Have you ever wondered who the biggest boomer in the world is? Turns out the answer is . . . Steve Sailer! I think he cheated a bit by posting that picture of his lawn just at the right time, but fine work nonetheless. I keep telling you to check out his blog but you never do.
An old one but including it in case you missed it: She Divorced Me Because I left Dishes by the Sink. Be sure to peruse the comments and see which way they trend. Angry single women: this is why no sensible men will marry you. Also, stuff like this. Do what the others do and go find yourself an idiot. There are always plenty of those around.
This story’s fantastic: in Australia, it is hard to fire someone. If you don’t have a good enough reason then you can get fined for ‘unfair dismissal’. To get around this, employers sometimes give a thieving or no-showing employee a severance payment on condition they quietly piss off and not make a fuss to the Fair Work Commission. In the vernacular this is known as ‘fuck-off money’. But what happens when a young man works for his own family, turns up late for dinner one night, and his parents crack the shits and sack him? Well, he gets $10,000.
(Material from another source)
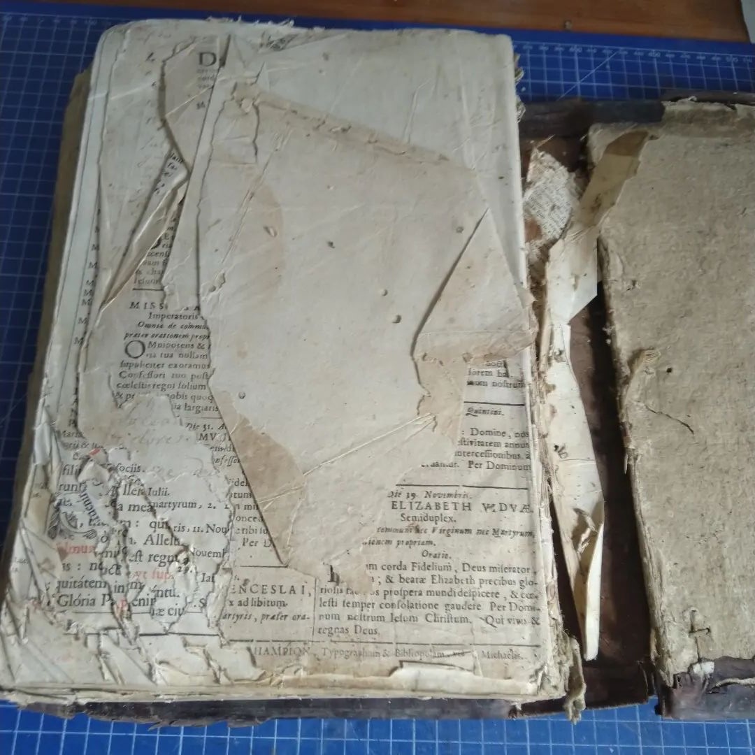 La règle générale de la restauration est de garder un maximum des matériaux d’origine sur le livre et ceci en respectant des principes de base :

Did you ever hear about Robert Owen? He became rich in the 1800s and decided to create one of the original communes where everyone would be equal and no one would be exploited. He tried a few times and all of these communities soon went to shit for the usual reasons – too many freeloaders and shysters. If only the world had learned the lesson way back then.
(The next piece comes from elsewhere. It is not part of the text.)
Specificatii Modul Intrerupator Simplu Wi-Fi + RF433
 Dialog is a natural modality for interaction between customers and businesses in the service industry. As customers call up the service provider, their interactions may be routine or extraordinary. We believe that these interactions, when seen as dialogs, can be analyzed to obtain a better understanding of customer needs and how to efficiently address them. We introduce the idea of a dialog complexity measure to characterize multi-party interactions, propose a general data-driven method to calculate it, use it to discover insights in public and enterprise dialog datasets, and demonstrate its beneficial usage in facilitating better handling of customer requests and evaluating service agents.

Extinction Rebellion is not really about global warming, says one of its founders. It’s about how white men are bad.
Barbara Ellen reckons we should stop praising men for dating women close to their own age, because why wouldn’t they?
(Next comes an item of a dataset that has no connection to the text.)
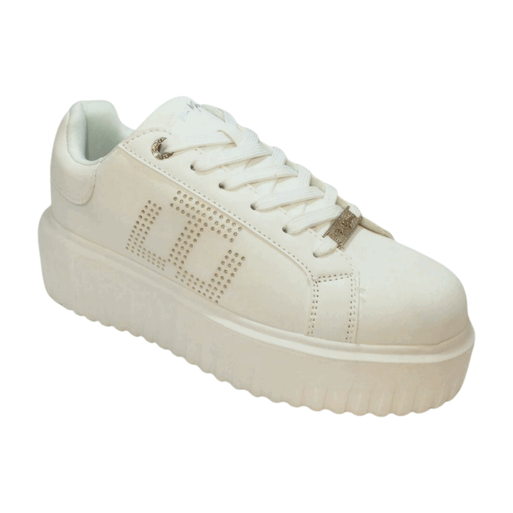 Sneakers donna platform Love to Love Gai Mattiolo in ecopelle total white. Logo laterale laserato, linguetta e talloniera logate. Chiusura con lacci piatti in cotone, fondo zigrinato ultra light altezza 5 cm.

Of course, were Barbara ever to lie about her own age on Tinder, do you think she might be prosecuted for it? I doubt it, but the Australian state of New South Wales might make it illegal to mislead a partner for sex. I have a feeling they are targeting fibs about income, employment, marital status and serious relationship potential – but not age, heavy makeup, padded bras or those corsets that suck your guts in. I just reckon.
Sweden’s 100 explosions this year: What’s going on? This BBC article does not dare to speculate. No doubt reporter Maddy Savage in Stockholm, despite extensive research, has not yet got to the bottom of it. Hang in there, Maddy!
I have mixed feelings about Quillette. A recent article about that Malmo thing pulled its punches almost as much as the BBC story did, but this one about elite opinion as signifying membership of a ‘luxury belief class‘ is worth your time. Anyone can afford a motor car these days, so the upper crust need something else.
If you’re going to cuck your man, go all out like this South African teacher and shag five of your teenage pupils, making sure the undertakings are filmed, uploaded online, and shared throughout the school. Here Didact discusses the husband’s reaction.
Wives making fun of their husband’s vasectomy – what does the humour reveal?
I wish I could go back to being 24 so I could know everything again, like this chap.
And in the Philippines, how can you get your name on the door of a nightclub for life? Get born on its dancefloor, that’s how.